It's official - I have posted my final International package - Christmas may begin. Having said that, it's not quite as easy as one might think to be ready for the reveling and perky for the turkey - I am living in Stepford after all.Last year having fallen foul of the UPS shipping idea - yes someone (who is clearly minted), did suggest that we UPS everything to ensure it got there on time, and yes, before you ask, it was ridiculously pricey and I was initially planning on boycotting gifts overseas this Christmas in the hope that UPS would see some crashing downturn in their profits compared to last year and be forced to fold.
This year however my plan was to use the more cost effective US postal service. However, what I thought would be a quick trip to the USPS a few days ago seems to have morphed me into a dissident insurgent who has had to use guerrilla tactics in order to get the job done.
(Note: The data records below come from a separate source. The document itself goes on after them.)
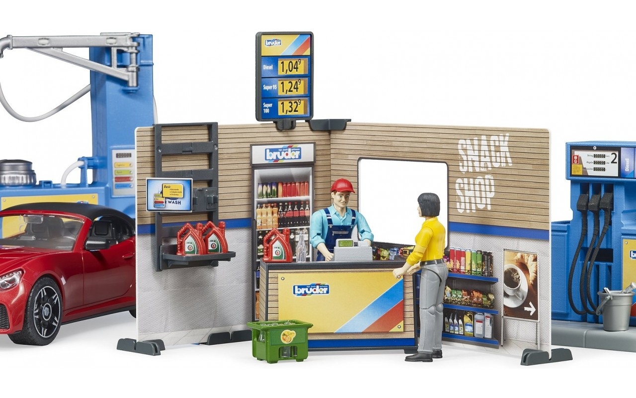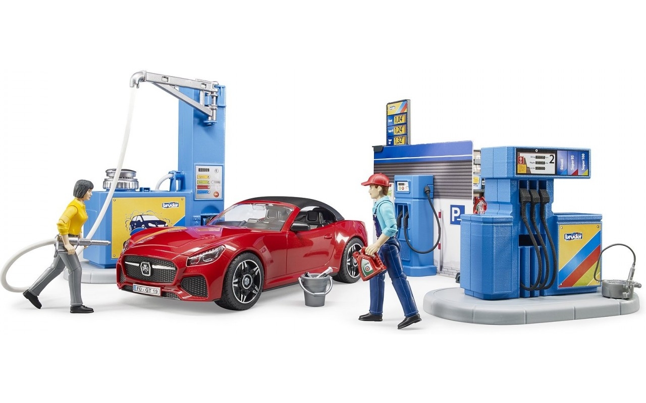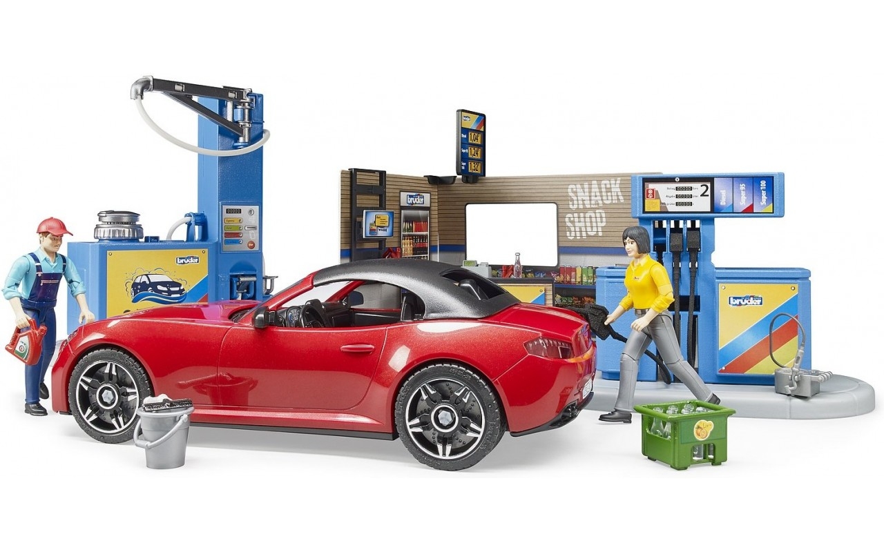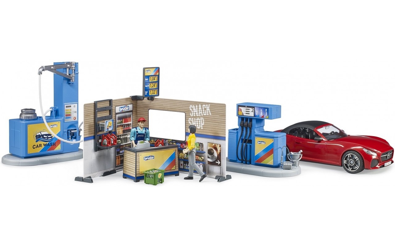 Ігровий набір BRUDER АЗС з автомийкою, автомобілем та фігурками (62111)
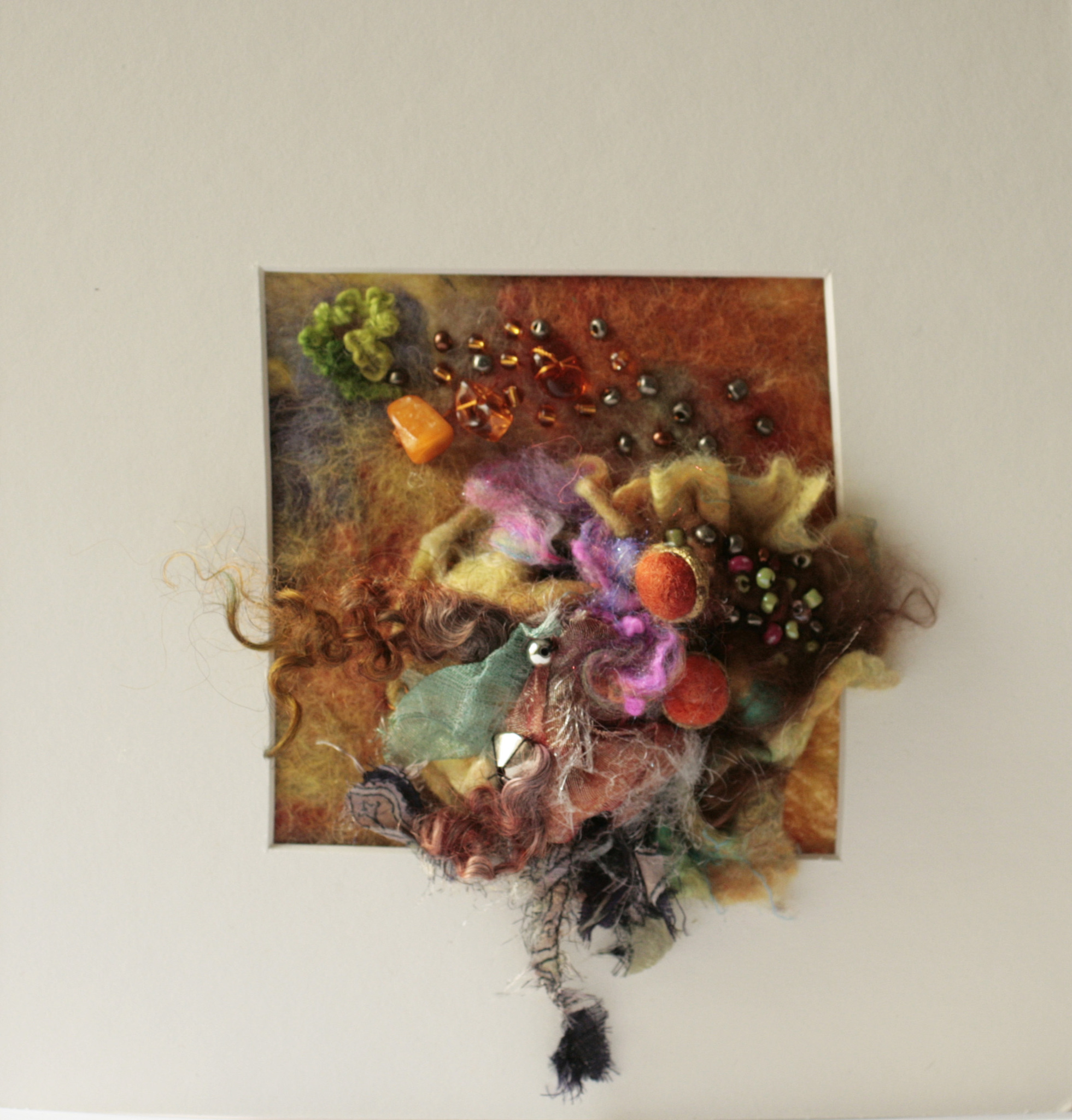 Een momentje op de bodem in het bos. Viltwerk in diverse natuurkleuren gekaderd in een licht vierkant passe-partout. Het viltwerk is gedecoreerd met veel verschillende stoffen, zijde, wollen krullen, vilten eikeltjes, barnsteen, kralen en borduursteken. Binnenmaat passe-partout is 11x11 cm
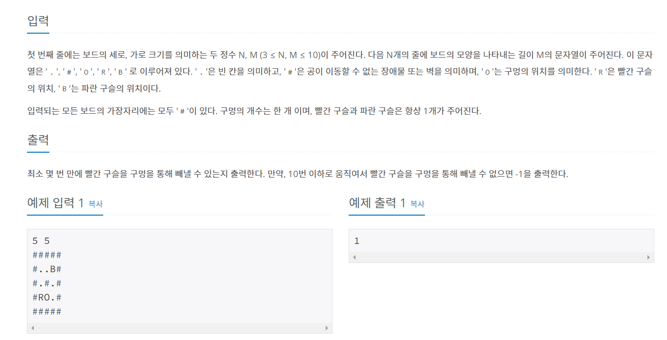 구슬을 이동시키다가 빨간색 구슬만 구멍에 빠지는 최소 move 카운트를 return 하는 문제이다
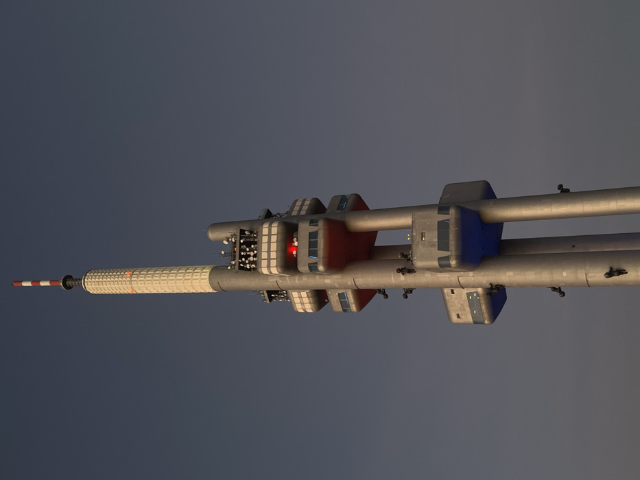 - "The image displays the Žižkov Television Tower, situated in Praha 3, Czechia, viewed from a low angle against a clear, dark blue-grey sky" by FM-iOSLp1, licensed under CC BY 4.0
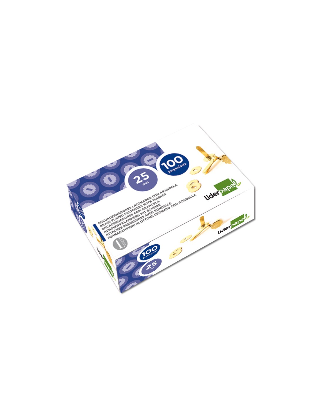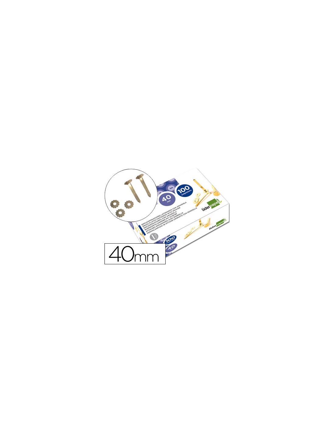 Encuadernadores liderpapel latonados con arandela 40 mm caja de 100 unidades
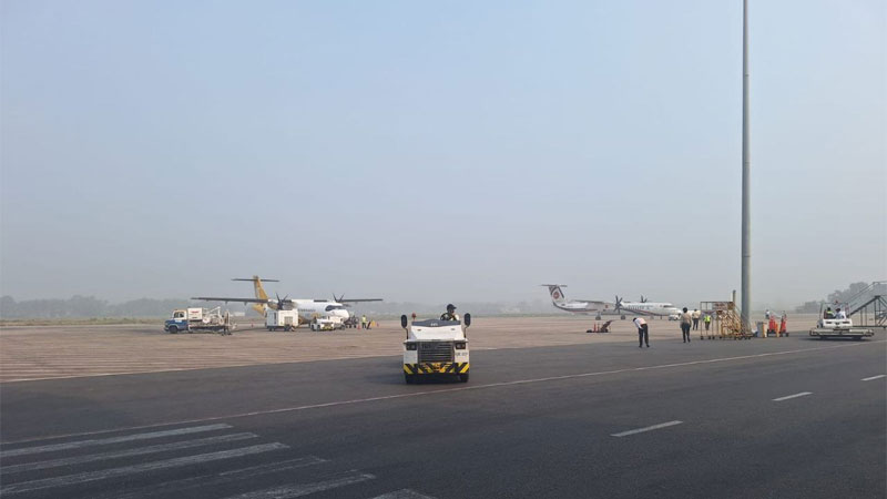 যাত্রীদের ফ্লাইট সংক্রান্ত সর্বশেষ তথ্য জানার জন্য সংশ্লিষ্ট এয়ারলাইনস বা বিমানবন্দর কর্তৃপক্ষের সঙ্গে যোগাযোগ করার পরামর্শ দেওয়া হয়েছে।

My first attempt at the mission - which I promise you is probably akin to getting troops into Afghanistan, what with 5 large overweight packages and a mere 8 oversized envelopes stuffed to the brim with Abercrombie and J Crew booty - was a failure. A stylist knows how to give advice on what to wear but when it comes to actually buying for other people, my inner shopaholic takes over and I end up over egging the pudding slightly.
But back to the mission. I never cease to be amazed at the wonders of any government run office (whichever country it's in) - come the time of increased demand, it's staff seem to make a mental note to turn the battery power off and make for a go slow. Balancing 3 large parcels and striding through the doors of my first post office of choice - the 8.30am opening time seemed to have surreptitiously changed to 9am leaving me and a handful of brave souls scuffling around in an attempt at a queue, listening to the merry banter of the counter staff behind closed shutters.
A second attempt at the same post office later in the day clocked my post office time up by at least 3 seconds - spying a vast line of equally parcel laden folk I decided to cut and run.
So today having successfully made the gym to get those endorphins up to the right levels for my third sortie to the sorting office, I was initially feeling quite chipper. A first visit to discharge the smaller packages took a mere 20 minutes with an unusually fast handed postal guy.
Heading to the car to gather the final 3 larger parcels I noticed a Range Rover screech to a halt next to me - an equally gym attired Stepford wife bounced out and our eyes locked over the parcel tally - she had 4 huge parcels and was 2 steps closer to the Post Office door than me. It was time for radical tactics - I grabbed my 3 prized possessions and sprinted for the door - a quick glance behind me and 'score'! my adversary had dropped one of her parcels to the floor. I took the upper hand and bolted inside.
A mere 40 minutes later - and agreed, much grumbling and shoe shuffling behind me in the line that seemed to grow from one sad Stepford citizen to ten by the time I was done - my mission was accomplished and that Christmas spirit began to tingle.